▶ [What is expected] Drop the images; return everything else in the listing below exactly.

▶ [Recorded data]
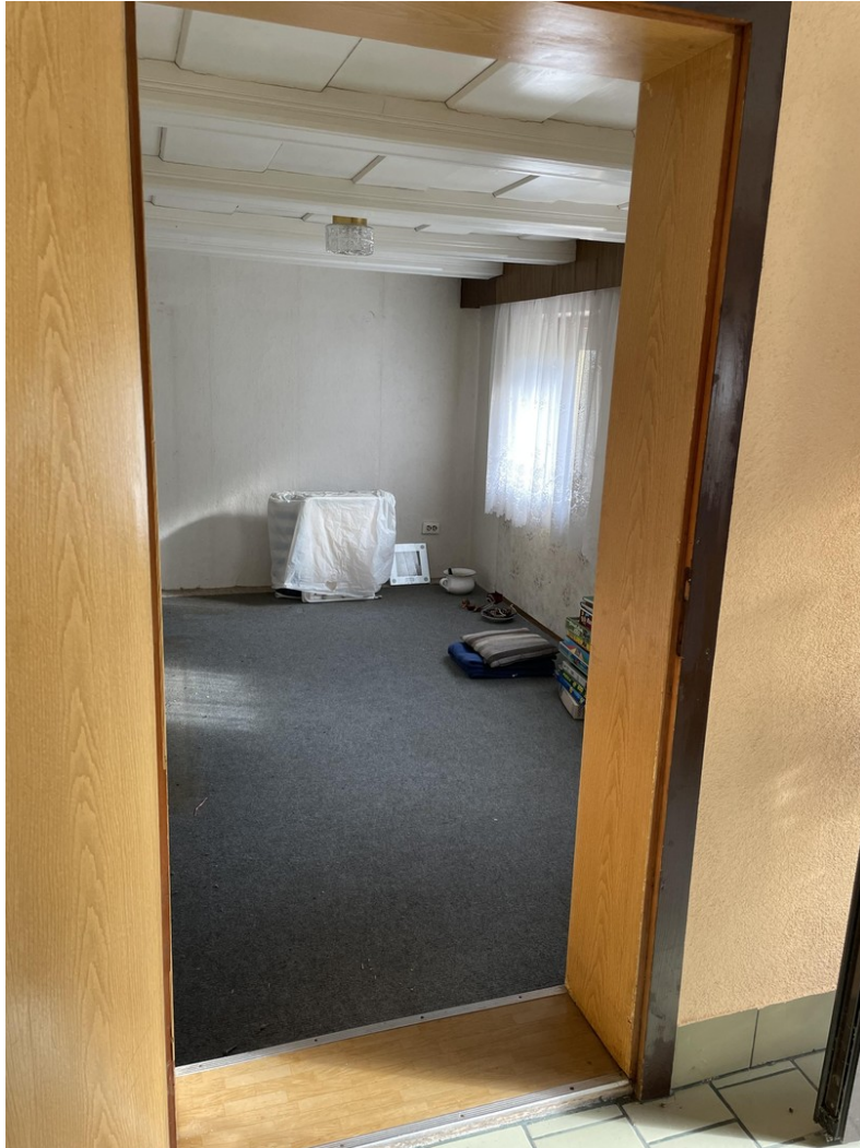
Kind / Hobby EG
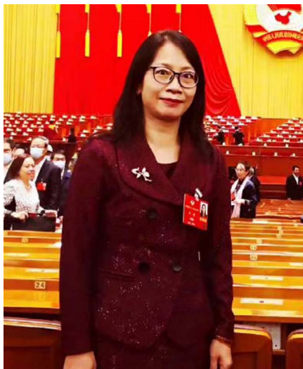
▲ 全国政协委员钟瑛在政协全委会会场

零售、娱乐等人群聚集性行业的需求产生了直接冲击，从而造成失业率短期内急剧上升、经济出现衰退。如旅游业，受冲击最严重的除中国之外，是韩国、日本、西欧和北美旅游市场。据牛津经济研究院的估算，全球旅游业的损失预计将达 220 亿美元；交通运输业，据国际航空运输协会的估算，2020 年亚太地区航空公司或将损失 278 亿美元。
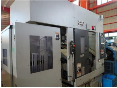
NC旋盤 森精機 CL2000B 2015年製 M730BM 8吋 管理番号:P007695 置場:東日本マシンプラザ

▶ [Solution to the problem]
Kind / Hobby EG
▲ 全国政协委员钟瑛在政协全委会会场

零售、娱乐等人群聚集性行业的需求产生了直接冲击，从而造成失业率短期内急剧上升、经济出现衰退。如旅游业，受冲击最严重的除中国之外，是韩国、日本、西欧和北美旅游市场。据牛津经济研究院的估算，全球旅游业的损失预计将达 220 亿美元；交通运输业，据国际航空运输协会的估算，2020 年亚太地区航空公司或将损失 278 亿美元。
NC旋盤 森精機 CL2000B 2015年製 M730BM 8吋 管理番号:P007695 置場:東日本マシンプラザ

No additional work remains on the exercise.